ST. PETERSBURG -- The pitch from Miles Mikolas would have been a ball, a changeup well outside the strike zone and quite a reach from where Jonathan Aranda stood in the left-handed batter’s box. It didn’t exactly come screaming off Aranda’s bat when he sliced it down the left-field line, either, registering as a hard-hit ball -- but just barely -- with an exit velocity of 95.2 mph.
Aranda didn’t seem totally sure what was happening as he neared second base, but he wound up completing his trot around the bases. The ball carried toward 162 Landing in the left-field corner at Tropicana Field and bounced off the foul pole for a go-ahead three-run homer in the third inning of the Rays’ 5-2 win over the Nationals on Friday night.
According to Statcast, Aranda’s 12th home run of the season would have only been a homer at three Major League ballparks: New York’s Yankee Stadium, Pittsburgh’s PNC Park and The Trop. Coming off a 1-5 trip to Southern California, the three-run shot was a perfect “welcome home” gift for Tampa Bay as the club looks to get back on track during a season-long 10-game homestand.
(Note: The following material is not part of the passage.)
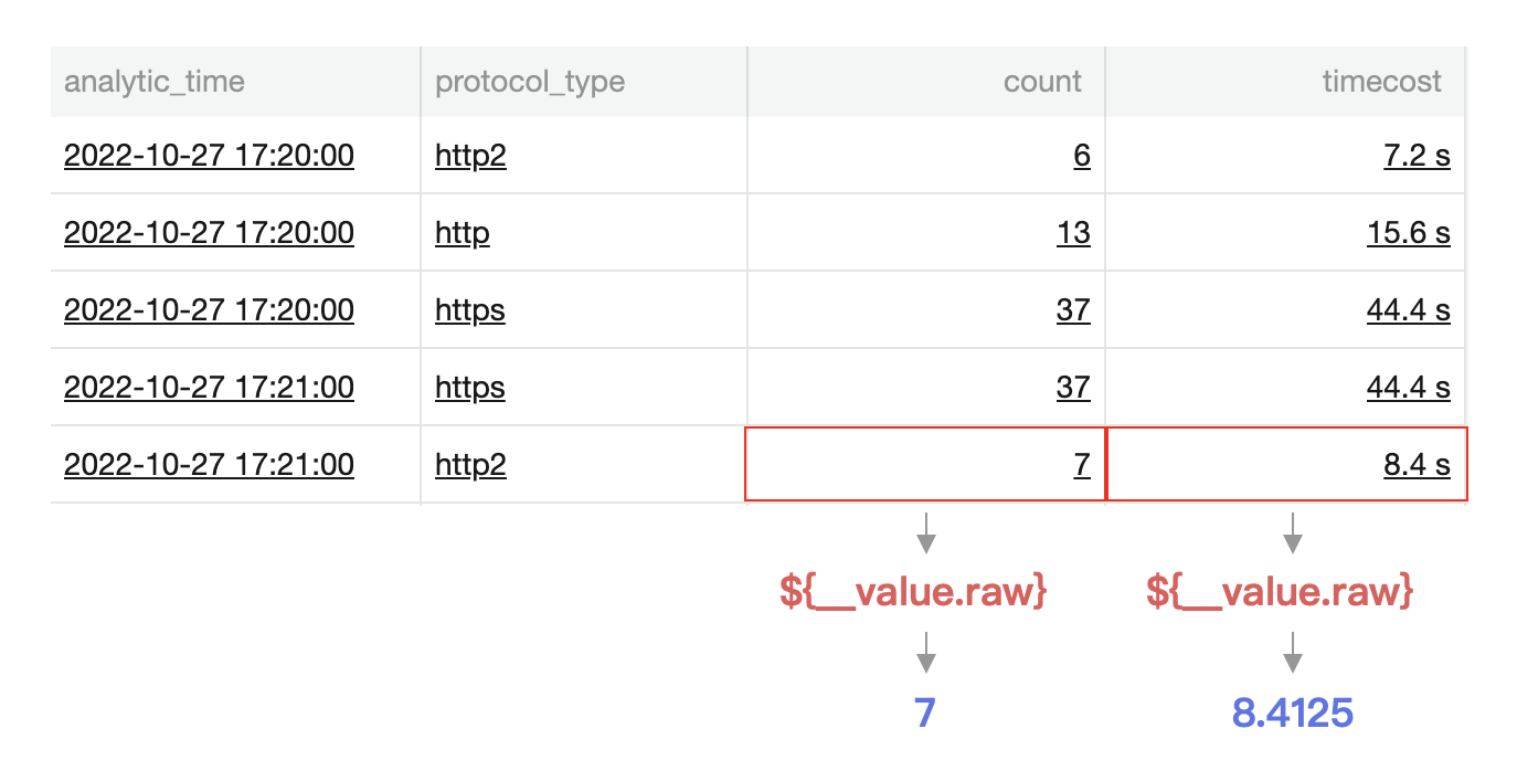 ${__value.raw} 引用被点击的值(以原始格式填充)。

The Rays won for just the eighth time in their last 23 games dating back to May 24, but they improved their record at Tropicana Field to an MLB-best 25-9 this season.
The Nationals had to shuffle their pitching plans ahead of the series opener, so Mikolas entered the game in the third after two innings from lefty opener PJ Poulin. Hunter Feduccia worked a one-out walk, then Yandy Díaz reached on a single to bring up Aranda.
Aranda hadn’t homered since May 31, and his torrid RBI pace slowed as he’d driven in only five runs during his first 14 games this month. But the first baseman started hitting again during the Rays’ recent road trip, with four two-hit games in the two series, and he swatted a handful of opposite-field hits at Dodger Stadium.
He stayed with the 1-1 changeup from Mikolas, extending his arms and sending it a Statcast-projected 334 feet down the line. That put the Rays ahead, and they went on to add to their lead with an RBI single by Taylor Walls in the fourth inning and an eighth-inning solo shot by Jonny DeLuca in his first game off the injured list.
Starter Griffin Jax permitted a pair of solo homers but nothing else over five innings while throwing only 69 pitches. It seems likely his early exit was due to a blister that’s bothered him during his last few outings.
But the Rays’ bullpen handled the rest of the game, as left-hander Steven Matz worked 1 2/3 innings before Kevin Kelly, Garrett Cleavinger and Bryan Baker shut the door.